* Supplied information:
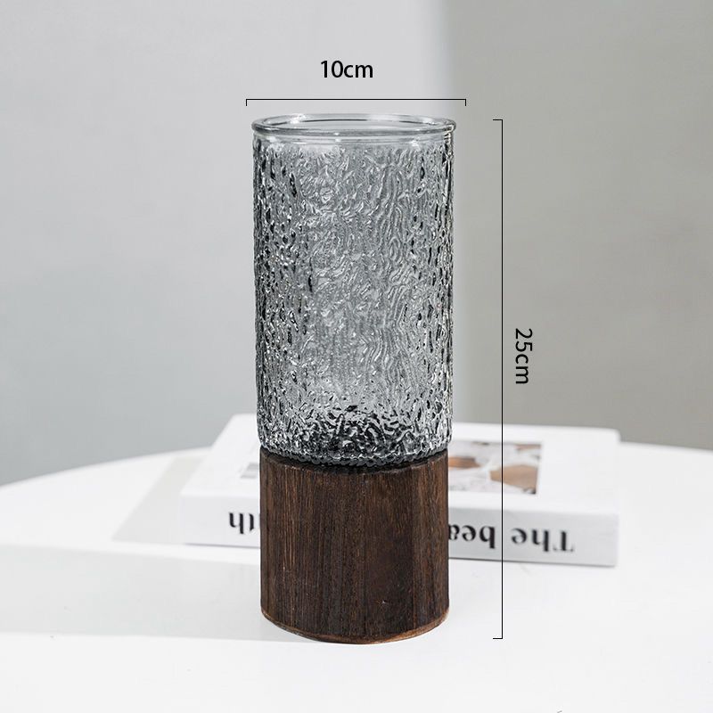 溥畔北欧玻璃花瓶中式木托直筒客厅插花装饰轻奢高级感玻璃水培摆件 冷纹/烟灰/带木托
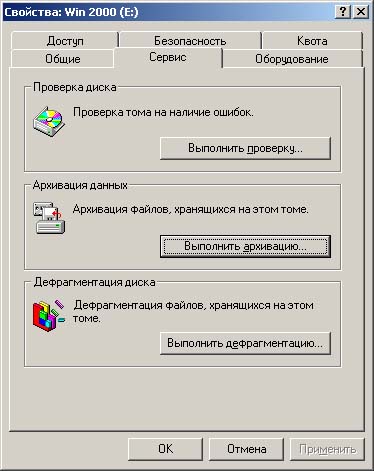 | Рис. 8.3. Вкладка Сервис (Tools) диалогового окна свойств диска позволяет быстро выполнить резервное копирование всех файлов, расположенных на этом диске |
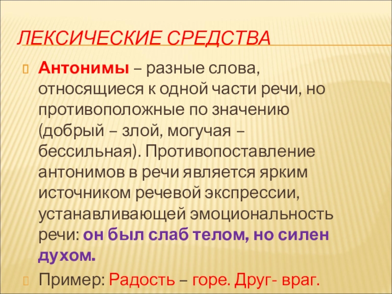 противоположные по значению (добрый – злой, могучая – бессильная). Противопоставление антонимов в речи является ярким источником речевой экспрессии, устанавливающей эмоциональность речи: он был слаб телом, но силен духом.
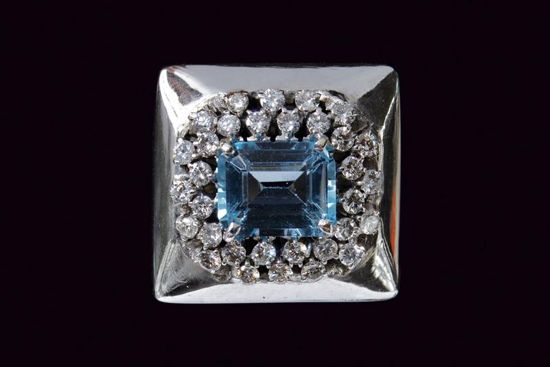 Grande anello di ispirazione geometrica realizzato con acquamarina rettangolare taglio smeraldo incastonata a griffe su alta base impreziosita da un doppio cerchio di diamanti taglio brillante. Oro bianco 750/000, misura 11, peso dell’anello 33 gr.
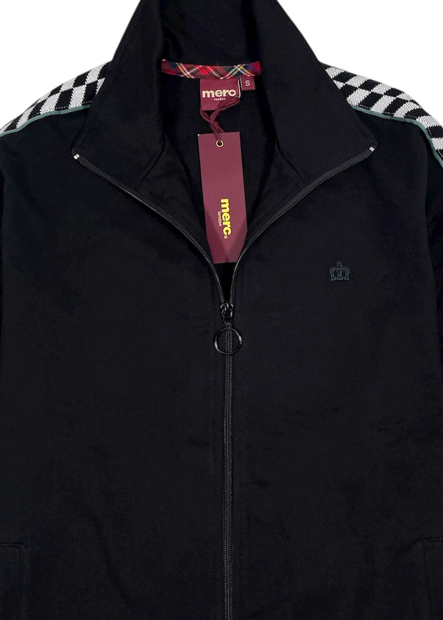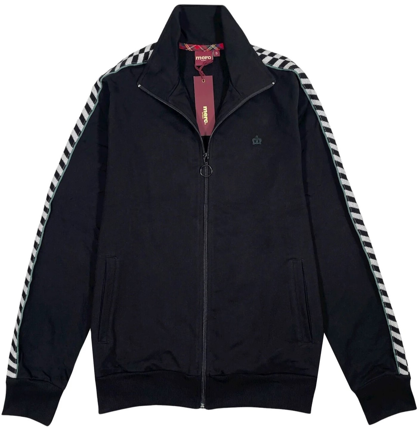 Спортивная классика, навеянная любовью к ска-музыке и эпохе 2 Tone, олимпийка «Кевин» создана из мягкой и дышащей ткани френч терри (двухниточный футер) универсальной черной расцветки. Традиционный декор на рукавах воплощён в виде трикотажной ленты с узором в черно-белую шашечку и эффектной золотистой окантовкой, гармонирующей с нашим культовым лого Merc Crown, бережно вышитым на груди. Воротник-стойка, манжеты и пояс выполнены из эластичной рибаны, обеспечивающей комфорт и тщательную посадку. Образ дополняют фирменные детали: узнаваемый тартановый ярлычок на боковом шве и круглый пуллер на бегунке — ностальгический акцент в духе ретро-эстетики. Сделано в Португалии. [Цвет производителя — black]
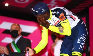“Al Giro con l’obiettivo di vincere una tappa – ha raccontato un raggiante Girmay -. Tutto il team si è messo a disposizione, persino i corridori che devono curare la classifica generale. Domenico Pozzovivo in particolare è stato splendido nel finale. Ai meno 600 metri mi ha detto di seguirlo, ha spinto al massimo e sono riuscito a vincere” ha detto, subito dopo avere tagliato il traguardo.
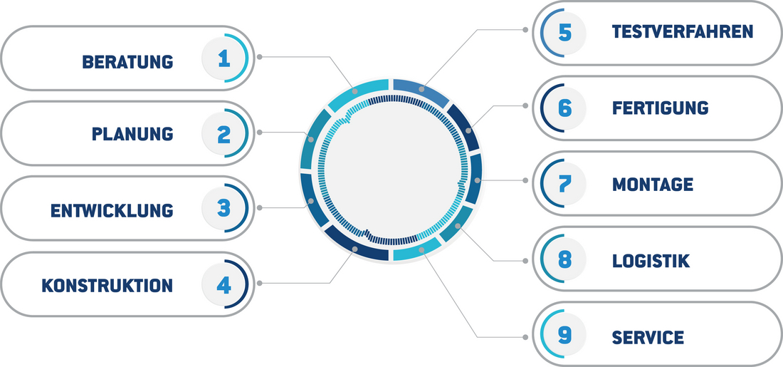 In der Entwicklung kundenspezifischer Lösungen stellen wir sicher, dass jedes Projekt im Sonderanlagenbau mit hoher Präzision, Terminsicherheit und Qualität durchgeführt wird.
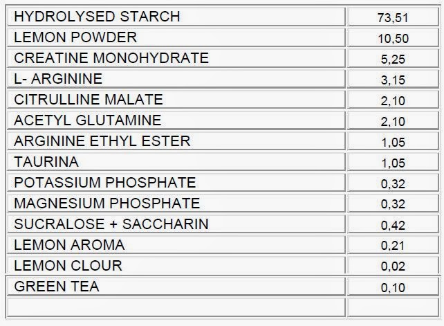Almidón hidrolizado (amilopectina 99%), limón en polvo (Citrus limonum), creatina ethyl ester, arginina alfa keto glutarato, citrulina malato, N-acetil glutamina, arginina etil ester, taurina, fosfato potásico, fosfato de magnesio, té verde (Camellia sinensis), nuez de cola , aroma (aroma de limón) edulcorante (sucralosa y sacarina) y colorante (E-102).
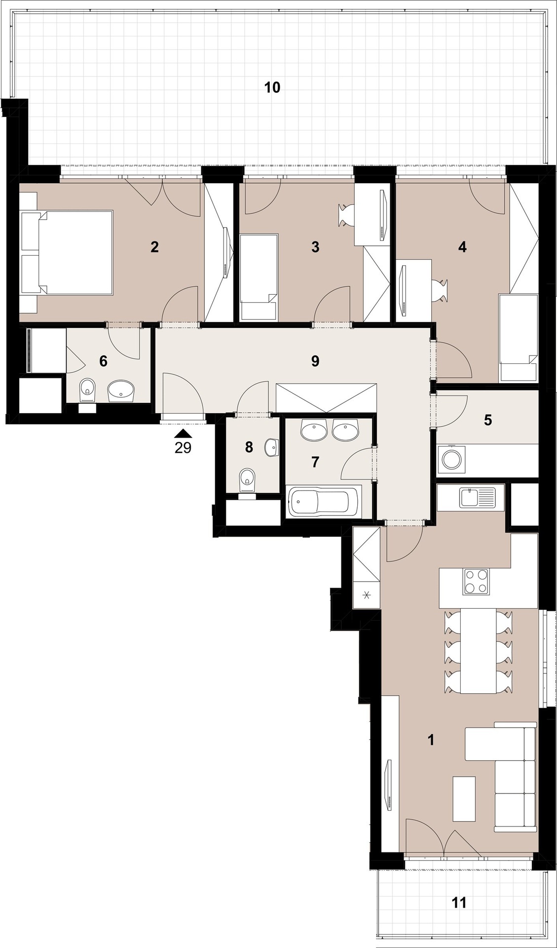 Nabízíme k prodeji byt 197-05-029 s dispozicí 4+kk (96,4 m2), terasou (49,6 m2), přiřazeným sklepem, parkovacím a garážovým stáním v novém projektu Viladomy Počernice v Praze 9 - Dolních Počernicích. Viladomy Počernice se nacházejí v klidné vilové čtvrti Prahy 9 - Dolní Počernice, nedaleko Velkého Počernického rybníku, který je spolu s přilehlým zámeckým parkem přírodní památkou. V osmi moderních nízkopodlažních viladomech vznikne celkem 164 bytů s promyšlenými a efektivními dispozicemi 1+kk až 4+kk. Na své si přijdou nejen rodiny s dětmi, ale i singles a mladé páry. Všechny byty mají balkony, lodžie, terasy nebo prostorné předzahrádky a parkovací stání. Byty v nejvyšších patrech jsou vybaveny klimatizací a mají předokenní žaluzie. Parkovací stání a sklepy nejsou zahrnuty v ceně z důvodu snadnějšího a přehlednějšího porovnání napříč nabídkou na trhu nového bydlení.

* What needs to be done: Repeat the material exactly and drop each image.

* Result below:
 溥畔北欧玻璃花瓶中式木托直筒客厅插花装饰轻奢高级感玻璃水培摆件 冷纹/烟灰/带木托
 | Рис. 8.3. Вкладка Сервис (Tools) диалогового окна свойств диска позволяет быстро выполнить резервное копирование всех файлов, расположенных на этом диске |
 противоположные по значению (добрый – злой, могучая – бессильная). Противопоставление антонимов в речи является ярким источником речевой экспрессии, устанавливающей эмоциональность речи: он был слаб телом, но силен духом.
 Grande anello di ispirazione geometrica realizzato con acquamarina rettangolare taglio smeraldo incastonata a griffe su alta base impreziosita da un doppio cerchio di diamanti taglio brillante. Oro bianco 750/000, misura 11, peso dell’anello 33 gr.
 Спортивная классика, навеянная любовью к ска-музыке и эпохе 2 Tone, олимпийка «Кевин» создана из мягкой и дышащей ткани френч терри (двухниточный футер) универсальной черной расцветки. Традиционный декор на рукавах воплощён в виде трикотажной ленты с узором в черно-белую шашечку и эффектной золотистой окантовкой, гармонирующей с нашим культовым лого Merc Crown, бережно вышитым на груди. Воротник-стойка, манжеты и пояс выполнены из эластичной рибаны, обеспечивающей комфорт и тщательную посадку. Образ дополняют фирменные детали: узнаваемый тартановый ярлычок на боковом шве и круглый пуллер на бегунке — ностальгический акцент в духе ретро-эстетики. Сделано в Португалии. [Цвет производителя — black]
“Al Giro con l’obiettivo di vincere una tappa – ha raccontato un raggiante Girmay -. Tutto il team si è messo a disposizione, persino i corridori che devono curare la classifica generale. Domenico Pozzovivo in particolare è stato splendido nel finale. Ai meno 600 metri mi ha detto di seguirlo, ha spinto al massimo e sono riuscito a vincere” ha detto, subito dopo avere tagliato il traguardo.
 In der Entwicklung kundenspezifischer Lösungen stellen wir sicher, dass jedes Projekt im Sonderanlagenbau mit hoher Präzision, Terminsicherheit und Qualität durchgeführt wird.
Almidón hidrolizado (amilopectina 99%), limón en polvo (Citrus limonum), creatina ethyl ester, arginina alfa keto glutarato, citrulina malato, N-acetil glutamina, arginina etil ester, taurina, fosfato potásico, fosfato de magnesio, té verde (Camellia sinensis), nuez de cola , aroma (aroma de limón) edulcorante (sucralosa y sacarina) y colorante (E-102).
 Nabízíme k prodeji byt 197-05-029 s dispozicí 4+kk (96,4 m2), terasou (49,6 m2), přiřazeným sklepem, parkovacím a garážovým stáním v novém projektu Viladomy Počernice v Praze 9 - Dolních Počernicích. Viladomy Počernice se nacházejí v klidné vilové čtvrti Prahy 9 - Dolní Počernice, nedaleko Velkého Počernického rybníku, který je spolu s přilehlým zámeckým parkem přírodní památkou. V osmi moderních nízkopodlažních viladomech vznikne celkem 164 bytů s promyšlenými a efektivními dispozicemi 1+kk až 4+kk. Na své si přijdou nejen rodiny s dětmi, ale i singles a mladé páry. Všechny byty mají balkony, lodžie, terasy nebo prostorné předzahrádky a parkovací stání. Byty v nejvyšších patrech jsou vybaveny klimatizací a mají předokenní žaluzie. Parkovací stání a sklepy nejsou zahrnuty v ceně z důvodu snadnějšího a přehlednějšího porovnání napříč nabídkou na trhu nového bydlení.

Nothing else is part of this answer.